Like I said, everything about this episode was well-crafted. Can't argue with that.
Yanks - Wed, Aug 12, 2015 - 6:28pm (USA Central)
Jennifer's energy, yes Jammer, that's it.

But while I appreciate that energy, I thought she hammed it up to much at the end of the episode.

I just kept thinking during the episode... 'What a voice Jennifer has".

Was Kes possessed when she dumped Neelix? If so, do they address this in a later episode?

I can't rememeber.

I'll go 2.5 stars for Jen's energy.
Robert - Thu, Aug 13, 2015 - 7:49am (USA Central)
"Was Kes possessed when she dumped Neelix?" Yes.

"If so, do they address this in a later episode?"


I'm better now.
Yanks - Thu, Aug 13, 2015 - 11:30am (USA Central)

lol ... we pretty much all universally didn't like the "Kes/Neelix" thing... then the writers finally give us what we want and the botch it.

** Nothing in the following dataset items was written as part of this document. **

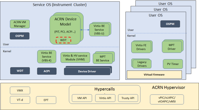 图1显示了一个使用ACRN hypervisor的实例框图。
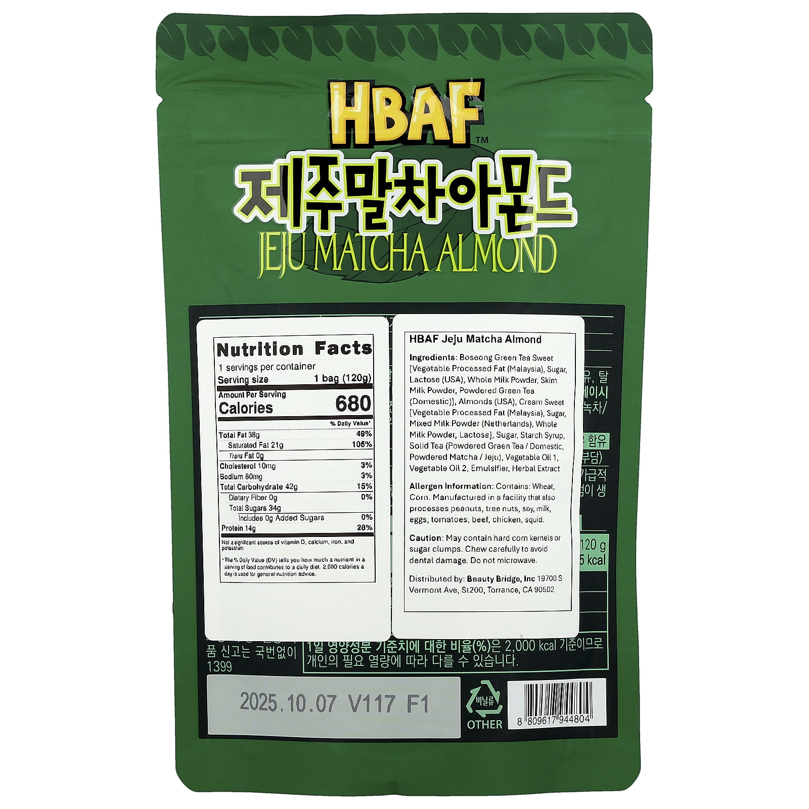 HBAF Matcha Jeju e Amêndoa 120 g – HBAF Alimentos Petiscos e lanches Castanhas e sementes Amêndoas.
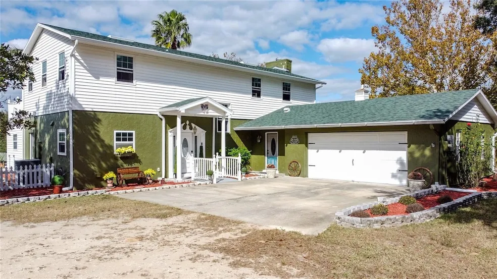 **Equine Oasis**Stunning Horse Ranch on SUGARLOAF MOUNTAIN***Truly unique property offers the perfect blend of Southern charm and modern upgrades. Gorgeous 2-story home, situated on 5+ pristine acres atop Sugarloaf Mountain, the highest point in Florida*rare opportunity for equine enthusiasts and those seeking a serene lifestyle.**Fully fenced and cross-fenced with non-climb horsefencing*Close to shopping, restaurants,, new hospital, and turnpike*Unique blend of Southern gentility with contemporary conveniences, nestled amidst rolling hills with breathtaking sunsets*5 bedrooms* ensuite on the ground floor and primary suite upstairs* Bathrooms: 3 (two fully renovated, one with new fixtures)*Whole house GERERATOR*500 gal PROPANE tank*New roof (2024)*Fresh interior and exterior paint*High tray ceilings, crown molding, and 5 baseboards*New 12mm water- resistant laminate flooring, travertine flagstone tile in wet areas*Upgraded exterior doors, luxury vinyl siding, dual pane insulated windows*New air conditioner with Wi-Fi thermostat*Upgraded stairs and railing* Gourmet Kitchen with center island*Viking induction cooktop,*double oven w/convection*dual sinks* 2-drawer dishwasher*Top-tier granite countertops*Extensivecabinetry with detailed scrollwork*Built-in coffee bar, mini-fridge, and bar-height counter seating*Travertine stone flooring*Refrigerator (2023), Microwave (2024)*Living & Dining:*Hand-carved wooden mantel with propane fireplace*Surround sound system*Recessed lighting and ceiling fans*Dining room features a luxury barn door leading to a 600 sq ft open space*Outdoor Living:*Expansive patio with two triple sliding doors bringing the outdoors in*Outdoor brick paver patio, garden beds, mature palmtrees*Wooden observation deck on the ground level and a full-length balcony on the second floor with sweeping views* Backyard fenced off for pets5-Stall Barn: Mid-way on the property, with an L-shaped design*Attached 2-car garage with loft*Fencing: Fenced and cross-fenced pastures, ideal for equine safety*Garage Space: Additional attached garage-type space with loft, perfect for equipment or storage This is truly a horse lover's dream, combining modern comforts with functional ranch features in an unbeatable location. With gorgeous views, updated amenities, and everything needed for equestrian care, this ranch on Sugarloaf Mountain is a rare find.

Jason R. - Mon, Nov 9, 2015 - 8:20pm (USA Central)
I found Lien positively hokey in this one. As noted by others, the only real high point was Kes finally doing away with Neelix. Of all the awkward, painful, creepy romances, those two being an item has to take the cake. No, scratch that - awkward and creepy is what it would have been if I ever actually bought it in the first place. If the writers had ever really sold that concept to us, that would have been interesting. Creepy and wrong, but interesting. Fortunately for us, I don't think the writers believed it any more than we did.